State Department of Medicaid spokesman Francis Rullan said the state department publishes eligibility requirements on its website, and added that the state is only following government guidelines.

"The Mississippi Department of Medicaid is limited by the guidelines set forth by the federal government and the state government," Rullan said. "Any questions concerning those guidelines can be referred to the division through its website or its toll free number: 1-800-421-2408."

While the division's website outlines eligibility requirements for the Children's Health Insurance Program and general Medicaid and other services, it does not appear to feature the eligibility requirements for the Disabled Children Living at Home Program, which uses a different set of eligibility standards.

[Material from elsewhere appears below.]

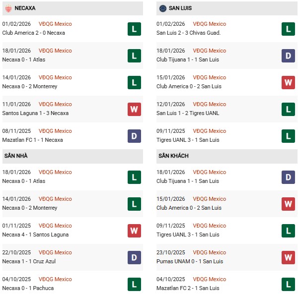 Thống kê phong độ Necaxa vs San Luis:

Deborah Edmonson, whose daughter Taylor Edmonson suffers from Down syndrome, said her daughter qualifies for aid according to the U.S. Department of Disability Services, but has been rejected for aid since her birth about a year ago.

"She was born with her intestines twisted, her pancreas in two pieces. Down Syndrome children like her have muscles with very low tone" Edmonson said. "She needs physical therapy. She has physical, occupational and speech therapy once a week. She sees an endocrinologist, a surgeon, a cardiologist, eye doctor, an audiologist. Even with our insurance co-pays, we've got $10,000 worth of bills, but (Mississippi Medicaid says) she is no more work that a typical baby," Edmonson said. "And they won't tell anybody what the criteria is that you need to meet."

Edmonson appealed the state's rejection in Hinds County Chancery Court in August. The case is still pending.

The Medicaid hearing begins at 1:30 p.m. today at the state Capitol in room 201A.